Fighting for the ‘fors’ Dr Tim Yap clearly stated that cancer evolution is real and needs addressing head on in order to optimise patient benefit.  There are validated and more affordable technologies and assays out there and we must change it up and begin to use them.  All experimental therapies carry risks and toxicities.  Putting patients on trials blindly is bad for patients, drug development and ultimately cost.  Whereas profiling each individual to find the best treatment available to them will increase the odds of success and this has to surely take the casting vote!
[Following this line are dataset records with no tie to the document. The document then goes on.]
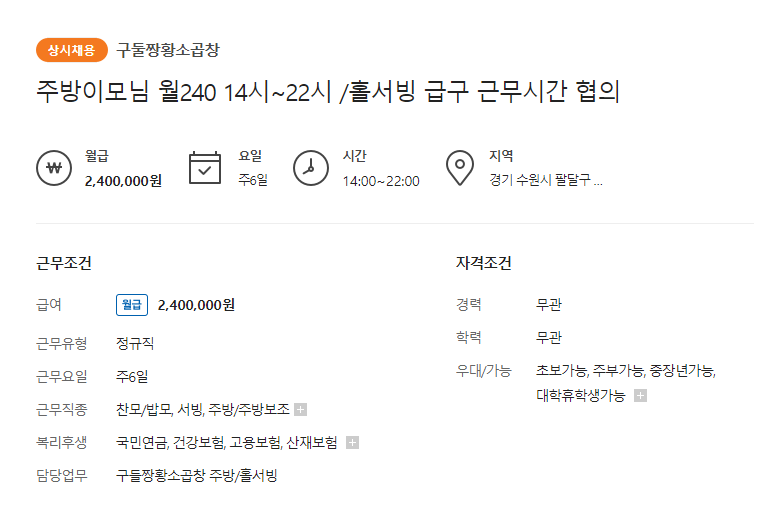 - 찬모, 밥모, 서빙 ㅣ 주방이모님 ㅣ 월급 240만원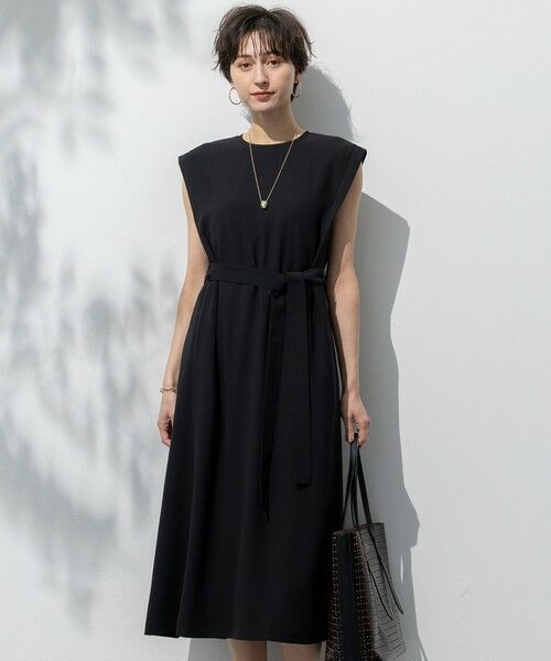 裾に向かってゆるやかに切り替え広がるフレアラインワンピース。シワになりにくいジョーゼット素材で、裾にむかって広がる美しいシルエットを保ちます。今年は肩先をやや長くすることで、気になる袖感をさらに着やすくアップデート。カジュアルにもきれいめにも着回しやすいデザインです。付属のベルトを軽く結びウエストマークした着こなしも楽しめます。同素材のジャケットやジップアップブルゾンとセットアップであわせるスタイルもおすすめです。カラーは、爽やかな青味を感じるダークグリーン(#065)、シックな雰囲気のあるブラック(#005)と、清楚な印象を引き立てる深みのあるネイビー(#075)の3色展開です。
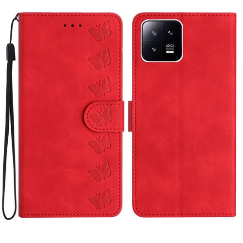 Para Xiaomi 13 Pro Seven Butterflies Caja de Teléfono de Cuero En Relieve (Rojo)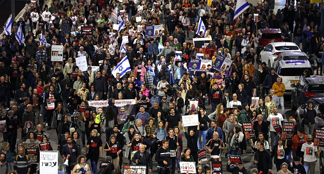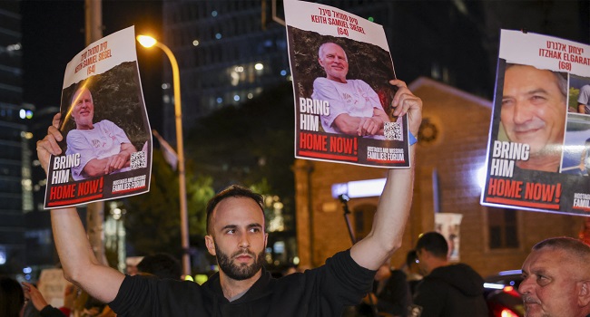 As news of the incident spread late Friday, hundreds of people gathered at Israel’s ministry of defence in Tel Aviv to call on Netanyahu’s government to secure the release of 129 hostages still being held in Hamas-ruled territory.

The final vote was taken and whilst there was a slight shift in thinking the overall majority were still definitely for more profiling to take place.  It will be interesting to see how this continues to unfold.


Professor Lillian Siu

Dr. Siu is a senior medical oncologist at the Princess Margaret Cancer Centre since 1998 and has been a Professor of medicine at the University of Toronto since 2009.

Professor Jeff Evans

Professor Jeff Evans is a Professor of Translational Cancer Research and Clinical Lead/Deputy Director of the Institute of Cancer Sciences, University of Glasgow, Honorary Consultant in Medical Oncology at the Beatson West of Scotland Cancer Centre , Glasgow, and Lead of the Glasgow Experimental Cancer Medicine Centre (ECMC).

Dr Tim Yap

Dr. Tim Yap is a Medical Oncologist and Physician-Scientist based at the University of Texas MD Anderson Cancer Centre.